You take a crash, you get back up and next time you succeed and
You take a crash, you get back up and next time you succeed and that's a great feeling.
“You take a crash, you get back up and next time you succeed and that’s a great feeling.” Thus spoke Shaun White, the warrior of snow and sky, whose life was carved not only by triumph but by the scars of the fall. His words are simple, yet they resound like the wisdom of ages — the law of all creation, the rhythm of every human struggle: that failure is not the end, but the beginning of mastery. He speaks as one who has tasted both defeat and glory, who has flown, fallen, and risen again — and in doing so, he offers to all who strive this immortal truth: resilience is the breath of greatness.
In the ancient world, the same truth was spoken beneath different skies. The Greeks told of Sisyphus, who rolled his stone up the mountain only to see it fall — again and again. Yet in his ceaseless effort lay a kind of triumph, a defiance against despair. The samurai of Japan trained not for perfection, but for discipline in imperfection — to rise each time their sword struck air instead of armor. And the Romans, hardened by battle, taught their sons that valor was not measured by victory, but by the courage to stand again after every fall. So too does Shaun White’s quote echo this eternal lineage: the ancient creed of perseverance reborn in the modern soul of an athlete.
White’s own story gives life to his words. From a young age, he hurled himself down icy slopes, chasing what others thought impossible. He broke bones, shattered boards, and suffered humiliating defeats — yet every crash became a lesson, every bruise a mark of progress. When he missed the podium, he did not curse fate; he trained harder. When he failed, he returned to the mountain. And at last, after countless falls, he soared — performing spins and flips that defied the limits of the human body. His victories were glorious not because they came easily, but because they were built upon the wreckage of a thousand failures. His great feeling, as he calls it, is the joy known only to those who have fallen deeply and yet risen higher still.

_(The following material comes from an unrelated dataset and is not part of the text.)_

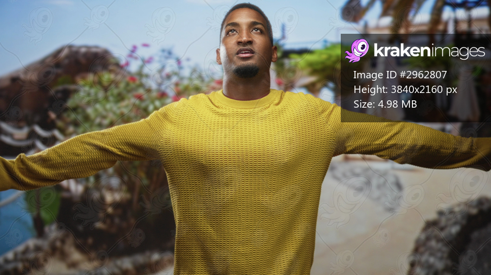 Young black man in yellow sweater with arms outstretched and eyes closed in studio against a blurred beach backdrop; calm reflection.

There is a deep philosophy of motion within his words. For life itself is a series of ascents and descents — each crash a reminder of our frailty, each recovery a testament to our will. The mountain may change form — for some it is sport, for others it is work, art, love, or faith — but the law remains the same. Progress demands failure. The one who fears falling will never fly; the one who endures falling will one day learn the rhythm of the wind. In every age, from the inventor who toils in solitude to the leader who rebuilds after ruin, greatness has belonged to those who refused to stay down.
Consider Thomas Edison, who once said, “I have not failed. I’ve just found 10,000 ways that won’t work.” Like White, Edison faced his share of “crashes” — devices that burned out, ideas that fell apart — but he rose each time, guided by the vision of what could be. When at last he brought forth light, it was not only an invention he offered to humanity, but a lesson: that persistence is the bridge between defeat and triumph. From his lamp, as from White’s mountain, shines the same flame — the fire of endurance that makes all creation possible.
Shaun White’s wisdom, then, is not merely about sport, but about the human spirit itself. To fall and rise again is to participate in the oldest act of courage. The crash humbles us, teaches us, strips us of illusion; the ascent restores us, strengthens us, reminds us of what we are capable of becoming. Between those two moments — fall and rise — lies transformation. Those who never fall never grow; those who never risk never live. The great feeling White speaks of is not pride, but gratitude — gratitude for the struggle that gave his success meaning.
So let this be your lesson, seeker of strength: do not fear the crash. Welcome it as the teacher it is. When you fall, do not linger in the dust; stand, even if trembling. The next ascent will be higher, the air clearer, the view more radiant. Whether your mountain is a dream or a duty, climb it with patience, for greatness is not found in never failing, but in never yielding.
And when, at last, you rise — after the stumbles, the tears, the long silence of effort — you will feel what Shaun White felt: that “great feeling” that belongs only to those who have wrestled with defeat and turned it into strength. It is the feeling of one who has met himself in the valley, and found within his own heart the power to ascend again. It is the feeling of victory — not over others, but over despair. It is the eternal triumph of the human will.